Investor’s Business Daily Channels Free Lunch Supply-Side Spin

Has Karl Rove hired Jed Graham as the new spinmeister:

Aided by surging tax receipts, President Bush may make good on his pledge to cut the deficit in half in 2006 – three years early. Tax revenues are running $176 billion, or 12.9%, over last year, the Treasury Department said Monday. The Congressional Budget Office said receipts have risen faster over the first eight months of fiscal ’06 than in any other such period over the past 25 years – except for last year’s 15.5% jump … While gains are broad, those at higher-income levels are enjoying bigger salary hikes. Because they pay higher rates, federal tax revenues soar when they do well. Those making over $200,000 now pay 46.6% of total income taxes, presidential adviser Karl Rove recently said.

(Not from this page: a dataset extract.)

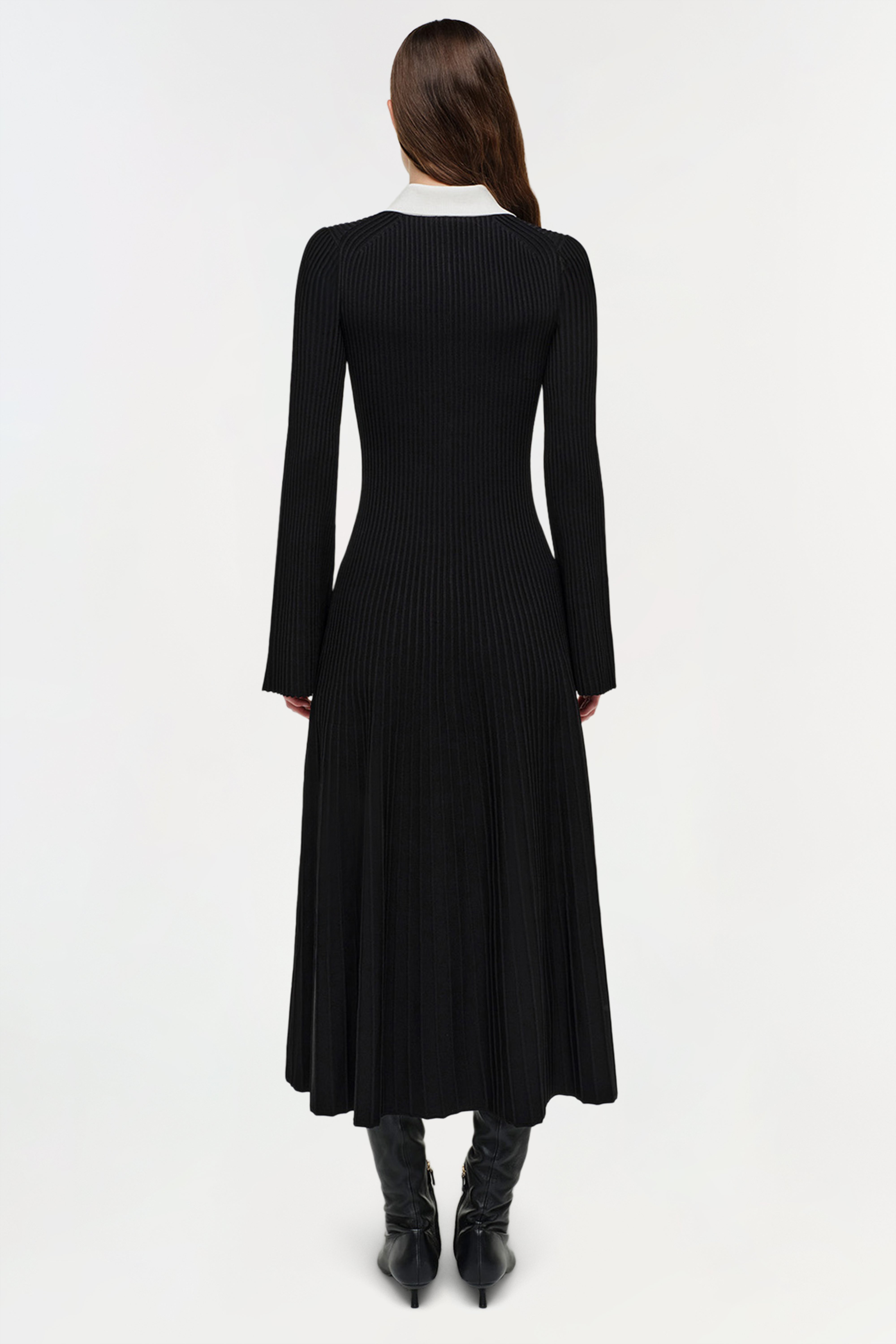 A ribbed knit midi dress that combines structure and softness, framed with an ivory collar and finished with golden buttons. Its fitted bodice flows into a flared, skirt that lends a sense of movement and grace. Refined accents underscore a silhouette of enduring elegance.

That’s up from 40.5% – despite Bush’s tax cuts.

That the very rich pay a large share in taxes simply reflects they receive a large share of the nation’s income. But it’s this comparison of nominal tax revenues for a portion of this fiscal year v. a portion of the previous fiscal year is misleading for several reasons – two related to variability and two related to long-term growth.

On the former – consider our graph of nominal tax revenues. We have discussed several times the fact that the U.S. economy was bound to eventually recovery from the 2001 recession. But also notice that there was a temporary dip in tax revenues during the middle part of 2005.

One might be tempted to say that nominal tax revenues in 2006QI were 15% higher than they were in 2001QI. But check out our second graph, which shows tax revenues fell relative to nominal GDP. Part of the reason for this decline relates to the fact that the price-level was 12.8% higher in 2006QI than it was in 2001QI. Alas, average real GDP growth has been rather anemic over the past 5 years.

One would have hoped that Investor’s Business Daily would have better reporting on the economy that we get from this crowd.

Update: President Bush answered a question about inflation thusly:

On fiscal policy, though, I would strongly urge the Congress to recognize why we have grown the way we have grown, why we’re — have got strong economic growth in the first quarter of this year, why we’ve added over 5 million new jobs in a – in two-and-three-quarters years, and that’s because the tax cuts are working, and they need to make the tax cuts permanent. Pro-growth economic policies work. And that’s why I’ve been calling for permanence in the tax code. And so there will be monetary policy – we’ll pay attention very carefully to signs, inflationary signs. That’s Ben Bernanke’s job. Our job is to work with Congress to have wise fiscal policy. And wise fiscal policy means not only keeping revenues low, but it also means being wise about how we spend the people’s money.

That’s right – the President’s stated goal is to not have tax revenue growth, which means high deficits forever. And by telling Bernanke that fiscal policy will remain reckless, the path to low inflation requires higher interest rates, which of course reduces investment and long-term growth. But if we have permanent deficits as the President just promised – Sargent & Wallace’s Unpleasant Monetarist Arithmetic suggests that the FED will have a very difficult job in controlling inflation.

Maybe the President is simply following the advice of Peter Ferrara who opposes the efforts of the Entitlements Commission to have a balanced reduction in government spending along with tax increases. Sad.

Update II: Judd at Thinkprogress is tracking the rightwing bloggers who are crowing about the Investor’s Business Daily spin:

It shows a lot about the state of fiscal discipline in the conservative movement that these kind of numbers are cause for celebration.